What needs to be done:
Copy all data exactly. Skip pictures.

Supplied data:
........

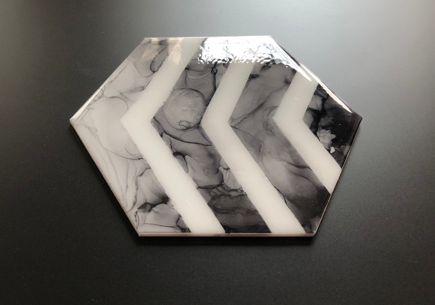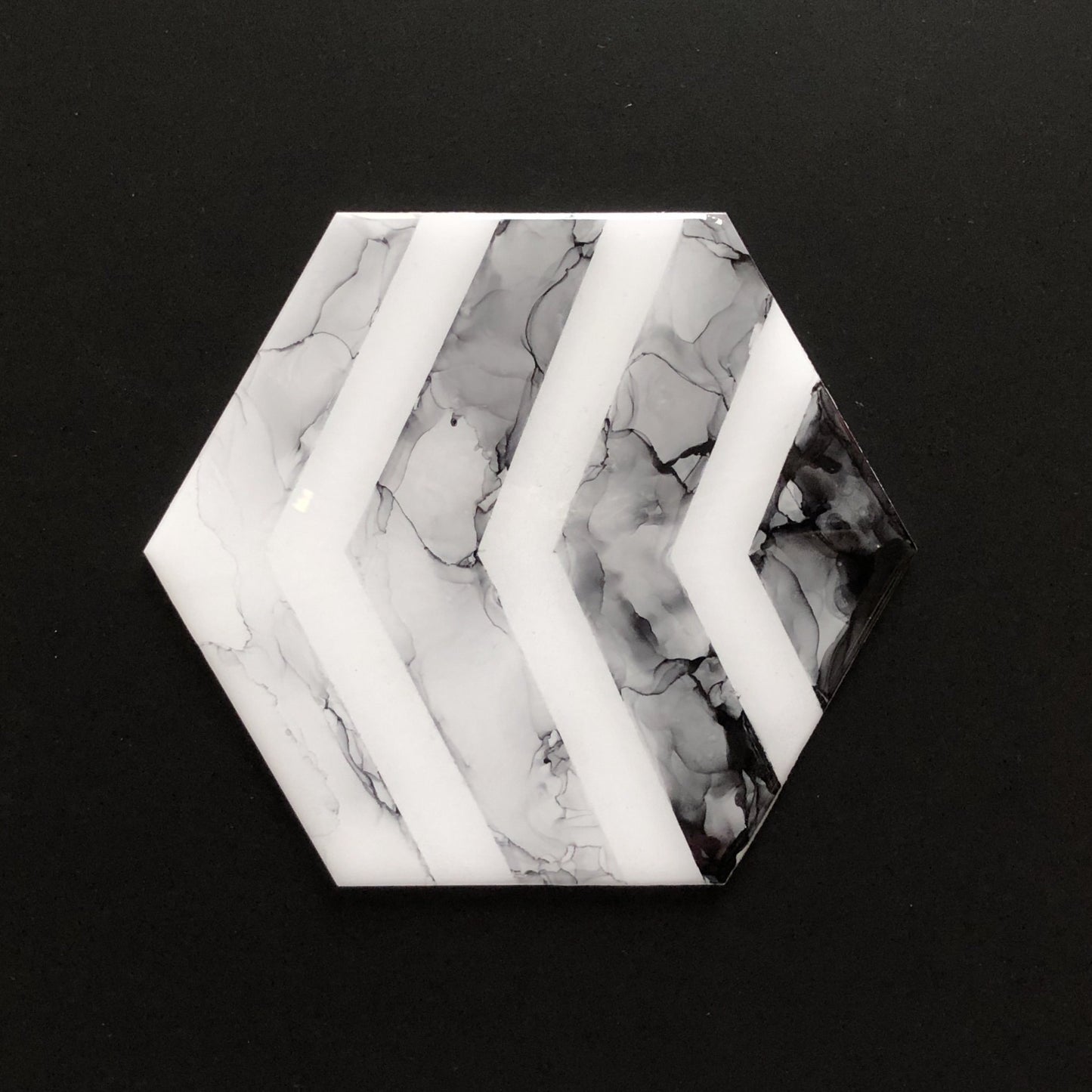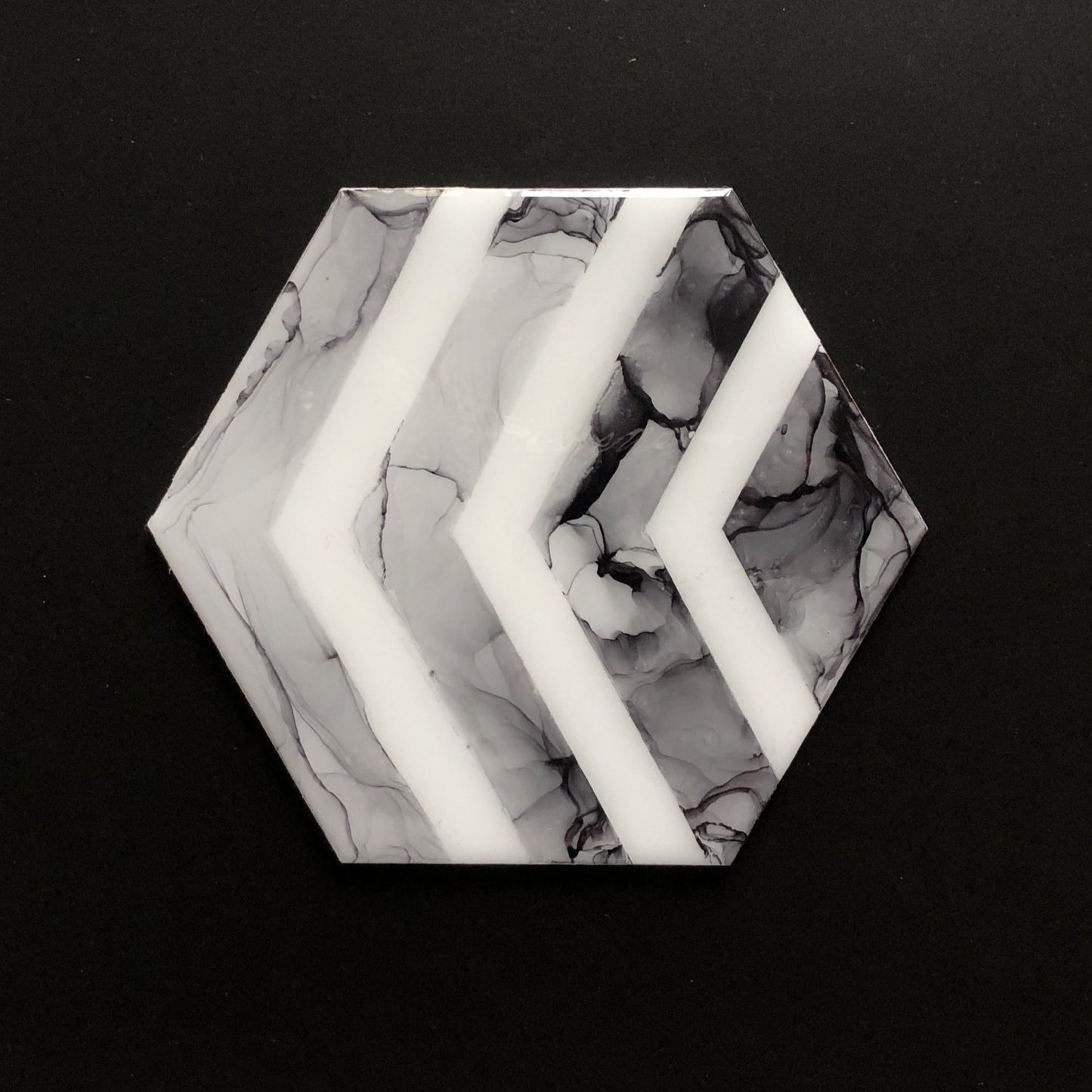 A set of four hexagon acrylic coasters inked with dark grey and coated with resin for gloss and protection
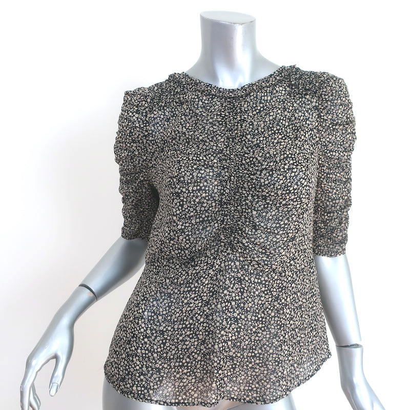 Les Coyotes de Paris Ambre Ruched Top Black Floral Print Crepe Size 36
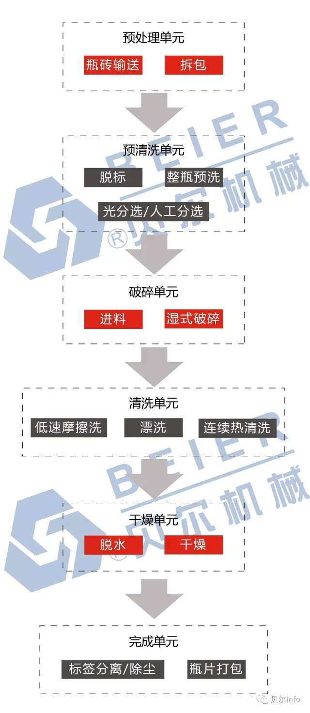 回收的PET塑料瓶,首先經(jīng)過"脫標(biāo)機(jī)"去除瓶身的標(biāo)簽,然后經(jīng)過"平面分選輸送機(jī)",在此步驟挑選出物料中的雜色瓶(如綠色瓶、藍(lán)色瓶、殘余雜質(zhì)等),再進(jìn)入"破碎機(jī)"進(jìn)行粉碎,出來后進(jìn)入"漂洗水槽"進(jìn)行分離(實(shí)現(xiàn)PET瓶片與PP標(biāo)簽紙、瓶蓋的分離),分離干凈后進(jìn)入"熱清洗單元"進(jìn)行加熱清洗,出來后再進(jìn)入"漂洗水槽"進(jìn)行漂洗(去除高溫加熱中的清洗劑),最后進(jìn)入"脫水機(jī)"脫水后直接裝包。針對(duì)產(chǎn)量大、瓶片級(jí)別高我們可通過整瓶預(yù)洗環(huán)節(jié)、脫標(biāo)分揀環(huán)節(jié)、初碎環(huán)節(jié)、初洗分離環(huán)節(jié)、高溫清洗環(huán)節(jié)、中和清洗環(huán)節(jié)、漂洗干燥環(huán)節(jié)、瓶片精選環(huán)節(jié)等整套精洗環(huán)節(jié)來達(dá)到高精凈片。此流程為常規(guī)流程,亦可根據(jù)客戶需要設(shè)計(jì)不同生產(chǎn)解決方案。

........

Problem solution:
 A set of four hexagon acrylic coasters inked with dark grey and coated with resin for gloss and protection
 Les Coyotes de Paris Ambre Ruched Top Black Floral Print Crepe Size 36
 回收的PET塑料瓶,首先經(jīng)過"脫標(biāo)機(jī)"去除瓶身的標(biāo)簽,然后經(jīng)過"平面分選輸送機(jī)",在此步驟挑選出物料中的雜色瓶(如綠色瓶、藍(lán)色瓶、殘余雜質(zhì)等),再進(jìn)入"破碎機(jī)"進(jìn)行粉碎,出來后進(jìn)入"漂洗水槽"進(jìn)行分離(實(shí)現(xiàn)PET瓶片與PP標(biāo)簽紙、瓶蓋的分離),分離干凈后進(jìn)入"熱清洗單元"進(jìn)行加熱清洗,出來后再進(jìn)入"漂洗水槽"進(jìn)行漂洗(去除高溫加熱中的清洗劑),最后進(jìn)入"脫水機(jī)"脫水后直接裝包。針對(duì)產(chǎn)量大、瓶片級(jí)別高我們可通過整瓶預(yù)洗環(huán)節(jié)、脫標(biāo)分揀環(huán)節(jié)、初碎環(huán)節(jié)、初洗分離環(huán)節(jié)、高溫清洗環(huán)節(jié)、中和清洗環(huán)節(jié)、漂洗干燥環(huán)節(jié)、瓶片精選環(huán)節(jié)等整套精洗環(huán)節(jié)來達(dá)到高精凈片。此流程為常規(guī)流程,亦可根據(jù)客戶需要設(shè)計(jì)不同生產(chǎn)解決方案。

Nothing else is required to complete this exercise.